Non-Security Requirements

Universality

Except for visually impaired, graphical passwords would work for everyone. Mobile phones are also universally available and users are trained to read SMS. This ensures universality of the solution.

Usability

Graphics are expected to be easier to remember as compared to random numbers or text-based passwords. Mobile users also know how to read SMS. This makes the solution more user-friendly for users.

Cost-effectiveness

Since the authentication mechanism involves a graphical password and a token (mobile phone) which is ubiquitously available with users, there is no extra cost to be borne by either the social networking sites or its users.

Conclusion

The dissertation identified four objectives at the beginning. The first objective was to identify the vulnerable entities of existing authentication schemes. This was achieved in chapter 3 where vulnerability analysis was carried and threat profiles for social networking systems were developed. These threats were also rated to get an understanding of how risky they were. Based on the analysis and threat modelling, it became possible to derive security and non-security requirements of the social networking web sites.

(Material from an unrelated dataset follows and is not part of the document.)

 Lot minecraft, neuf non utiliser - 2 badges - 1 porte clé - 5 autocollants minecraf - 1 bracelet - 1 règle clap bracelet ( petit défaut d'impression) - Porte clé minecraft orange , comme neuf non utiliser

The second objective of the dissertation was to derive or identify the security requirements necessary to implement on a social networking website. This was discussed in detail in chapter 4. Confidentiality, Integrity, Mutual authentication, Enhanced authentication, Maintain audit trail (logs), Non-repudiation, Session Integrity, Prevent session intrusion, Transaction authorization and Protection against password misuse were the security requirements of social networking systems while the non-security requirements included Universality, Usability, and Cost-effectiveness.

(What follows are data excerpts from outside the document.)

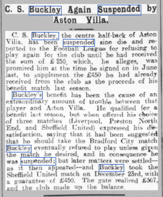 Chris Buckley (Aston Villa): 1 year and 7 months and a fine of £24 for refusing to play, 1912. Buckley had been offered a benefit match by Villa in 1911, but was unhappy with the choices of potential opponents, believing there’d be higher gate receipts from the match Villa were due to play against Bradford City. At the time these benefit matches tended to be regular fixtures rather than specially arranged friendlies, and the player would be given the gate receipts. He refused to play as a protest and was suspended by Villa, but in the end he accepted the receipts from a match against Sheffield Utd on 23 December 1911 and resumed playing. The receipts totalled £367 but he’d been guaranteed £450 so Villa made up the rest. However, the following summer he refused to sign his contract unless he was paid a further £250, which – according to Buckley – the Villa vice-chairman then promised him. The money was not forthcoming, so come the new season in September Buckley again refused to play, despite having signed. Villa said that he was in breach of contract, suspended him indefinitely and reported it to the League. The League commission decided Buckley’s demands were illegal and suspended him until April 1914. They also decided Villa paying him while he refused to play was illegal, and fined Villa 25 guineas! When his suspension ended Buckley signed for Arsenal, making 59 appearances and scoring 3 goals between 1914 and 1920. Obviously these numbers would have been far higher were it not for the four seasons lost to WW1. Cutting below from the Sheffield Daily Telegraph – another story unearthed by Arsenal historian Andy Kelly (@GoonerAK).
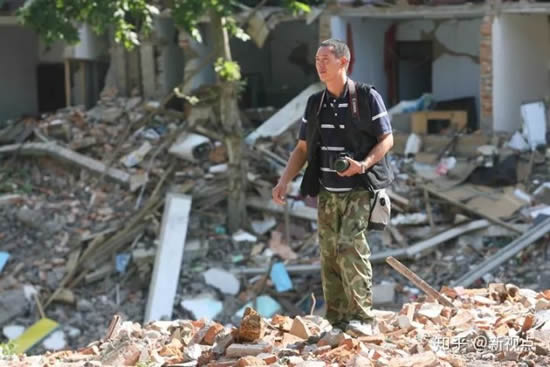 《大河报》特稿记者朱长振在震区采访。图片由受访者提供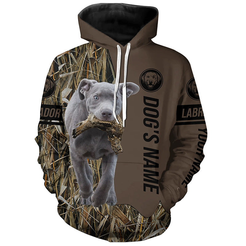 Silver Labrador Retriever Hunting dog customized Name Shirt, camo and brown color FSD4678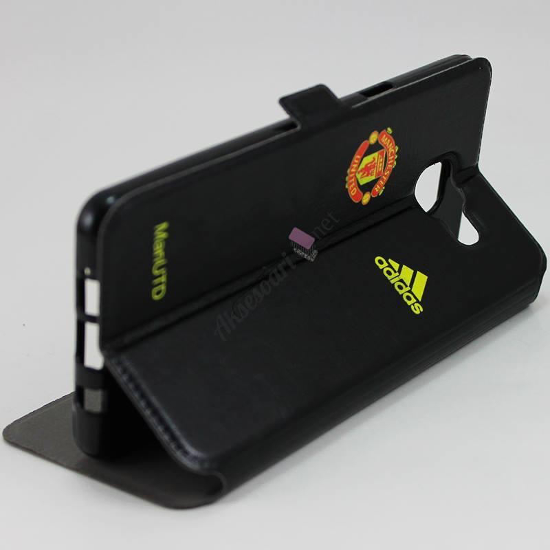 Кожен калъф Flip тефтер Flexi със стойка за Samsung Galaxy S7 G930 - Manchester United / Adidas / черен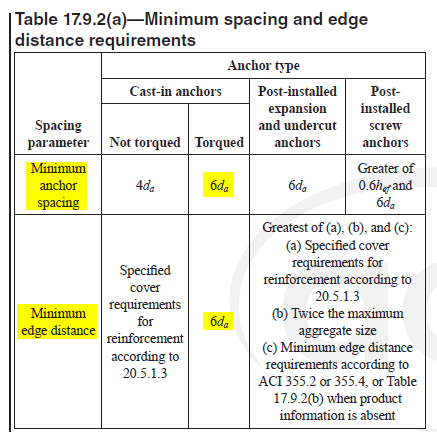 Anchor out-out spacing - in shear direction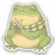 Adorable illustration of Zochi the cozy frog being gentle, surrounded by mushrooms, lily pads, and soft warm tones. Perfect for nature lovers and cozy aesthetic fans.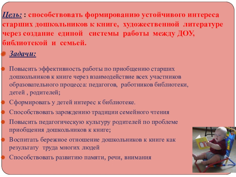 Повысить эффективность работы по приобщению старших дошкольников к книге через взаимодействие всех участников образовательного процесса: педагогов, работников библиотеки, детей , родителей;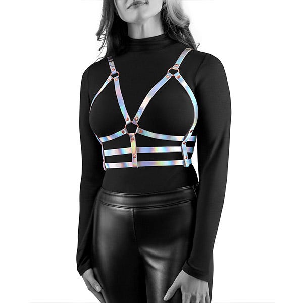 Bewitch those in your orbit with this holographic rainbow harness. Made from easy-to-clean vinyl, this stylish chest harness is accented with rose gold nickel-free hardware and adjustable straps for the perfect fit.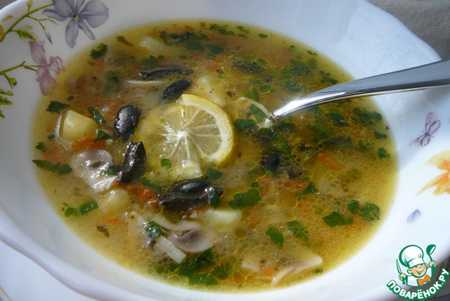 При подаче украсить суп маслинками, кружочком лимона и свежей зеленью. Приятного аппетита!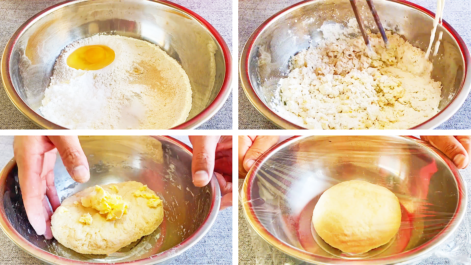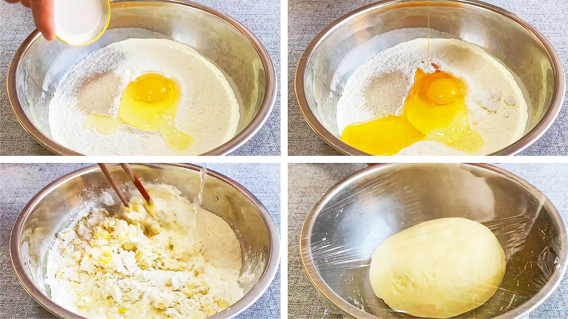 1、盆中倒入500克普通面粉,然后再打进去一个新鲜的鸡蛋,然后再添加5克酵母粉,再放入一些白糖促进发酵,然后再添加20克的食用油,充分的搅拌均匀,再倒入240毫升温水和面,边添加边搅拌,一直搅拌成面絮状,然后再下手揉成面团

The third objective was to assess the strengths and weaknesses of existing authentication schemes. In this case, the top five social networking sites viz. Facebook, MySpace, Twitter, LinkedIn and classmates were studied. The results were presented in chapter 4. All these sites relied on email address for verification of an individual and did not have very strong authentication mechanism to protect against impersonation, phishing, social engineering, spoofing and other attacks. The need for a solution that provided better authentication mechanism while meeting the non-security requirements was evident.

The last objective was to propose and implement solution that ensures secure social networking websites. This was achieved by proposing a two-factor authentication method based on graphical password and authentication code through mobile SMS. This method was implemented using Visual Studio C#.NET 2005 and Microsoft SQL Server, tested and assessed against the requirements derived in chapter 4. The authentication mechanism was able to satisfy all of them except for server authentication and confidentiality.

Based on the analysis and the proposed solution, it is recommended that social networking sites consider two-factor authentication methods utilizing graphical passwords and a token (mobile phone) that is universal in nature.

References

Weaver, A. C., & Morrison, B. B. (2008) “Social Networking”, IEEE Computer, 97-100.

Aïmeur, E., Gambs, S. & Ho, A. (2006) “UPP: User Privacy Policy for Social Networking Sites”. 2009 Fourth International Conference on Internet and Web Applications and Services.

Bonneau, J., Anderson, J. & Danezis, G. “Prying Data out of a Social Network”. 2009 Advances in Social Network Analysis and Mining, 2006, 249-254.

Krishnamurthy, B. & Wills, C. E. (2008) “Characterizing Privacy in Online Social Networks”, WOSN: Workshop on Online Social Networks, 2008, 37-42.

Chau, D. H., Pandit, S., Wang, S. & Faloutsos, C. (2007) “Parallel Crawling for Online Social Networks”, WWW ’07: Proceedings of the 16th international conference on World Wide Web, 2007, 1283–1284.

Mislove, A., Marcon, M., Gummadi, K. P., Druschel, P., & Bhattacharjee, B. (2007) “Measurement and Analysis of Online Social Networks,” Proceedings of the 7th ACM SIGCOMM conference on Internet measurement, 2007, 29–42.

Backstrom, L., Dwork, C. & Kleinberg, J. (2007) “Wherefore Art Thou R3579x?: Anonymized Social networks, Hidden Patterns, and Structural Steganography”, Proceedings of the 16th international conference on World Wide Web.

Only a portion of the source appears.